Paul: Wir haben jetzt auch andere Möglichkeiten. Kontakte zu Künstler:Innen, die uns inspirieren und mit denen wir Musik machen können. Das gleiche gilt für Produzenten. Es ist verrückt, dass wir  uns mit Lucry und Suena so gut verstehen. Wir hatten beim BarsAufLevel Contest von 16Bars einen Beat von den beiden 2020 gewonnen. Das war der erste Minikontakt und jetzt können wir mit diesen beiden fantastischen Musikern zusammenarbeiten. Da kommt ein anderer Sound auch raus. Wir haben viel herumprobiert und es wird jetzt spannend. Ich bin sehr gespannt, wie die Reaktionen sind und freue mich darauf.

Mit Blick auf das Jahr 2022: Ihr habt wieder einiges vor, vom lang ersehnten Frauenfeld-Auftritt zur Tour bis in die Schweiz und Österreich. Auf was freut ihr euch am meisten im Jahr 2022?

Zachi: Gute Frage. For real, am meisten bin ich darauf gehypet, wenn das Album rauskommt. Danach haben wir 2 Wochen Luft und darauf freue ich mich. Realistisch gesehen. (lacht)

Paul: Ja, Zachi freut sich auf Urlaub. (lacht) Es steht viel krankes Zeug an, worauf ich mich freue.
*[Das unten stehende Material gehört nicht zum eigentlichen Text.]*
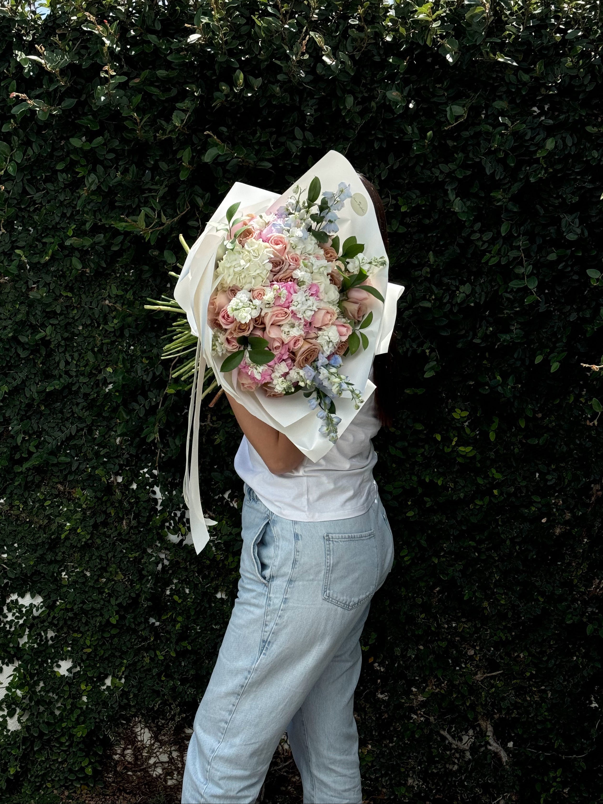 Este arreglo lleno de rosas, hortensias y mathiola es creado para celebrar la vida con un estallido de flores que se sienten festivas, luminosas y envolventes. Una composición que abraza colores delicados, perfecta para festejar a lo grande y hacer de su día un momento aún más especial.
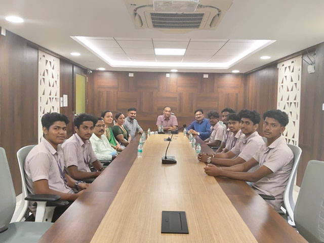 In all around 37 students participated in this visit over a period of 4 days. The college thanked CA Anantesh Prabhu, MD of Aruna Industries and Sukumar, manager of the firm for showing the students around the production unit. Clear cut explanation about the types of products manufactured, packaged, marketing and logistics part of the same was given. Every batch had a special interaction with CA Anantesh Prabhu in the conference room for additional inputs about his business and fresh ideas that the firm wants to introduce in the days to come. Overall, it was a resourceful experience for all the students which will help them as they plan their career in the world of logistics.
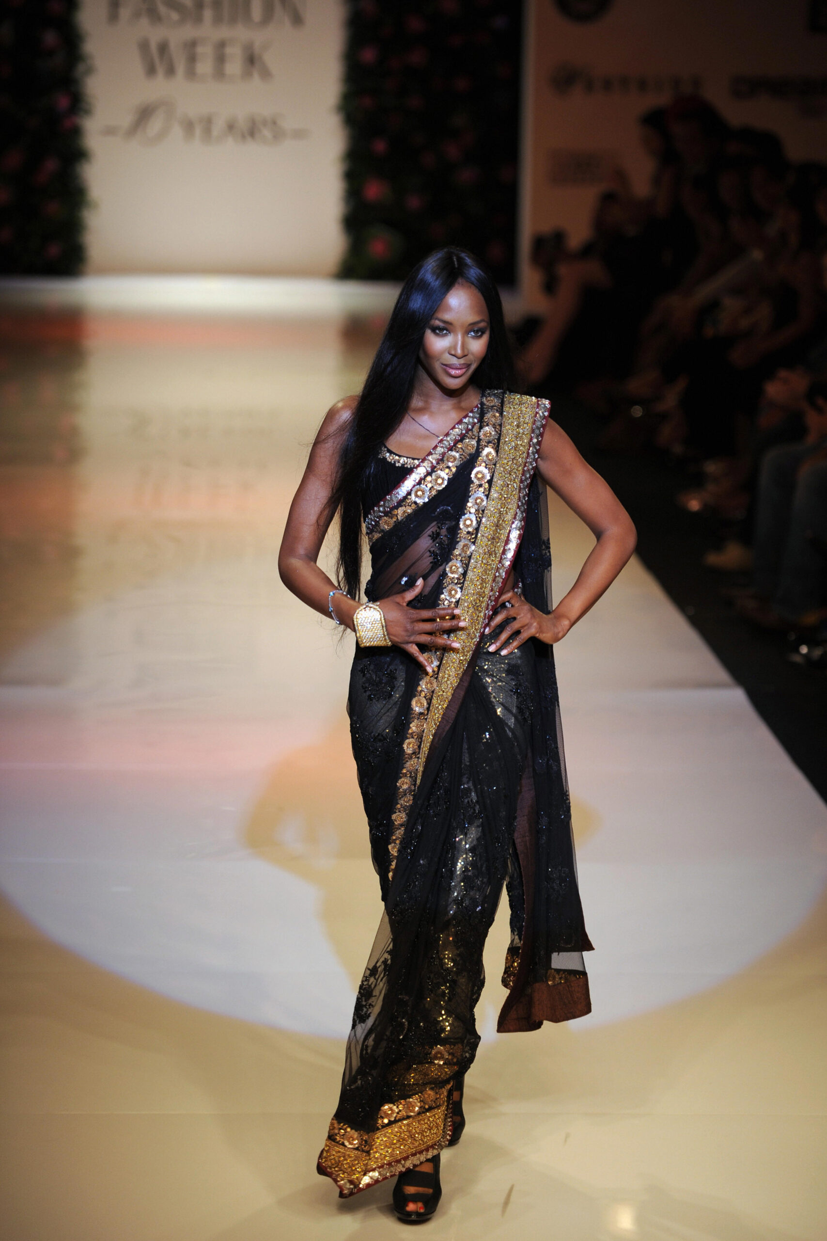 - International model Naomi Campbell walks the ramp for ‘Mai Mumbai’ – My Mumbai – a charity show at the Lakme Fashion Week (LFW) in Mumbai on March 28, 2009. Campbell, along with other Bollywood celebrities walked the ramp to pay tribute to the last year’s 26/11 terror attack victims in Mumbai. Some 65 designers are unveilling their fall/winter collections during the five-day long fashion week in the western Indian city which continues until March 31. AFP PHOTO/ Pal PILLAI (Photo credit should read PAL PILLAI/AFP via Getty Images)
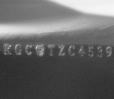 This image is an actual photograph of the laser inscription on this particular gemstone. Photography is done using a microscope camera at 45 x magnification to render the image.

Die Tour, das Splash, Frauenfeld und die anderen Festivals.

Zachi: Ich freue mich natürlich auch auf die Tour und die Festivals. Das wir mal in die Schweiz kommen, das ist nochmals Neuland für uns und ist sehr spannend. Es ist aufregend, wenn wir in verschiedene neue Städte kommen, dort eine Show spielen und die Stadt noch nicht kennen. Es ist richtig cool, da man immer neue Leute trifft.

Gustav: Ich wollte etwas ähnliches da sagen. Ich habe echt Bock auf Österreich und die Schweiz. Zu erfahren, wie es dort so ist, darauf bin ich sehr gespannt. Wie die Leute auf unsere Musik reagieren und wie das so läuft. Die Züri-Show spielen wir sogar an meinem Geburtstag, darauf habe ich sehr Bock. Auf jedem Fall freue ich mich sonst noch auf die ganzen Festivals. Letztes Jahr hatte ich mich schon gefreut, beim Frauenfeldli zuspielen. Es ist einfach mehr, vor allem mit all den anderen die man dort trifft.

Ich kann da aber Zachi auch verstehen, wenn er nach einer ganzen Albumproduktion mal Urlaub braucht.

Zachi: Das Schöne bei so einem Projekt ist, dass man, wenn es endlich abgeschlossen ist, so viele nette Kommentare bekommt. Dass ist nicht selbstverständlich, und wäre das nicht so, ginge das auch voll in Ordnung. Es ist einfach etwas Schönes, wenn etwas geschnürt und gepackt draussen ist. Jeder der will kann es sich anhören, das ist einfach ein cooles Gefühl. Man hat dann ein grosses Paket aus Tour, Album und all den Erlebnissen. Dann eine Pause machen zu können und frisch danach weiterzumachen ist sehr nice.